» Exercise brief: In the entries below, begin at the line with "El diputado nacional" and stop after the line with "彩票假设:任何随机初始化的稠"; output those lines exactly and omit the pictures.

» Records for the exercise:
===============

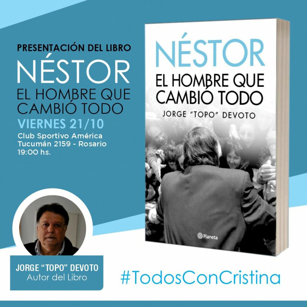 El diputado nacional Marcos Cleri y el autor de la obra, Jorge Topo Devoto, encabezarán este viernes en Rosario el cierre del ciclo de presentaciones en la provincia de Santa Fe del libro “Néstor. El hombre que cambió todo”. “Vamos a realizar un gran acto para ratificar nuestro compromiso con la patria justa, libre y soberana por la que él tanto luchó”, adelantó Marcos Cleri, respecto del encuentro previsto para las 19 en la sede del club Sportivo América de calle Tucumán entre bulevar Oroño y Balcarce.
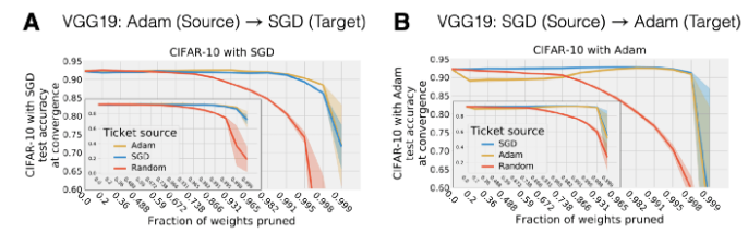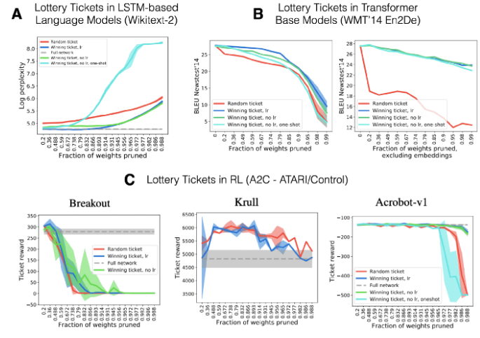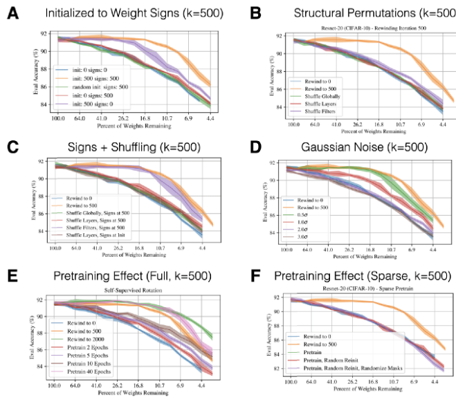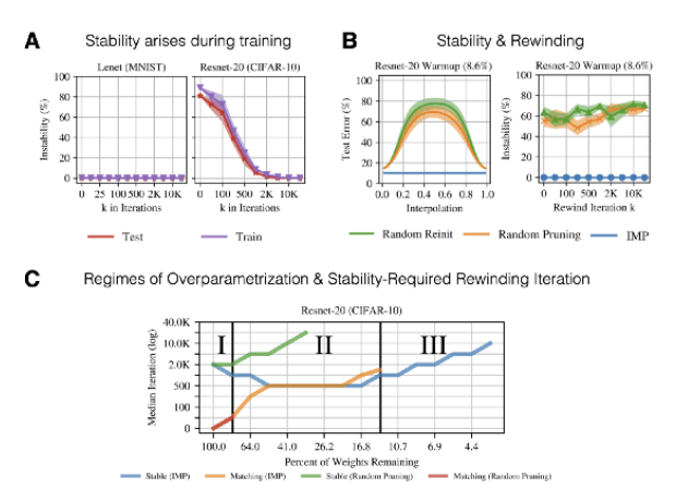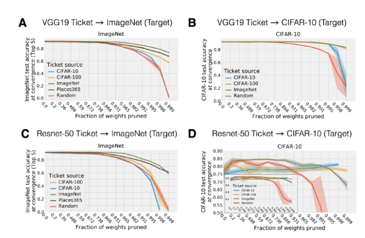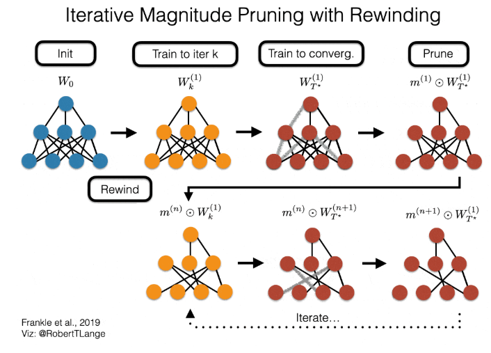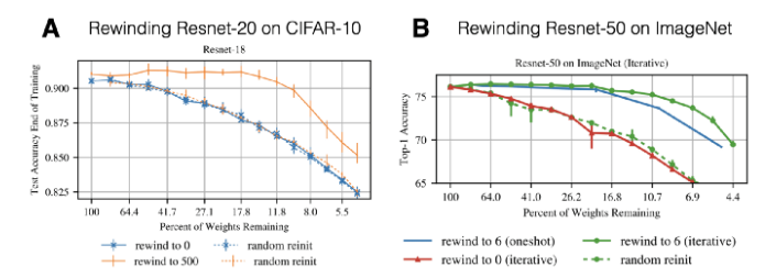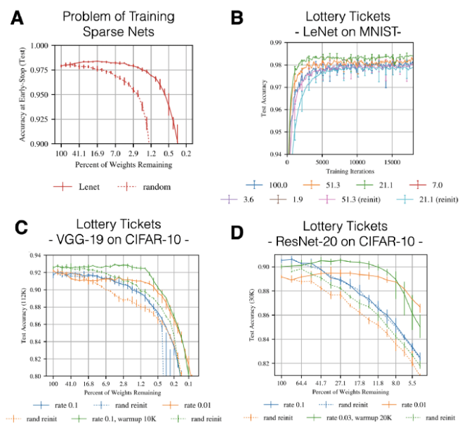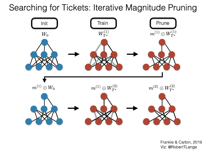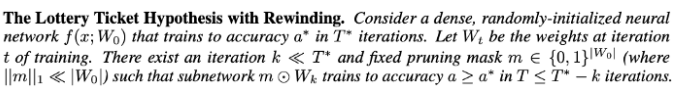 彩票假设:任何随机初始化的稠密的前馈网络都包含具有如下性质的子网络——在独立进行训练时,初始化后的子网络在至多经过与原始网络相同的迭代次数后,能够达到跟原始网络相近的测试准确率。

===============

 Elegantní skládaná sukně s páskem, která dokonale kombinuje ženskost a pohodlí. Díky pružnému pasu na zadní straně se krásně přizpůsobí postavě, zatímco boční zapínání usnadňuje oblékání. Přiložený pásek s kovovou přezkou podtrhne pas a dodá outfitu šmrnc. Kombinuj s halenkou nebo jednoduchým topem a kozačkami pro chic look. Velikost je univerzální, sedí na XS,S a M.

===============

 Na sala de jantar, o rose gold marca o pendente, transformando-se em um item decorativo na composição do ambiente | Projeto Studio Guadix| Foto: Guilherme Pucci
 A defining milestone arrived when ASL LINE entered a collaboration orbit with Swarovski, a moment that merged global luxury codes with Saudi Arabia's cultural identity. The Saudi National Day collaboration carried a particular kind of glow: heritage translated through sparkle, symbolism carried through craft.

===============

» Written response:
 El diputado nacional Marcos Cleri y el autor de la obra, Jorge Topo Devoto, encabezarán este viernes en Rosario el cierre del ciclo de presentaciones en la provincia de Santa Fe del libro “Néstor. El hombre que cambió todo”. “Vamos a realizar un gran acto para ratificar nuestro compromiso con la patria justa, libre y soberana por la que él tanto luchó”, adelantó Marcos Cleri, respecto del encuentro previsto para las 19 en la sede del club Sportivo América de calle Tucumán entre bulevar Oroño y Balcarce.
 彩票假设:任何随机初始化的稠密的前馈网络都包含具有如下性质的子网络——在独立进行训练时,初始化后的子网络在至多经过与原始网络相同的迭代次数后,能够达到跟原始网络相近的测试准确率。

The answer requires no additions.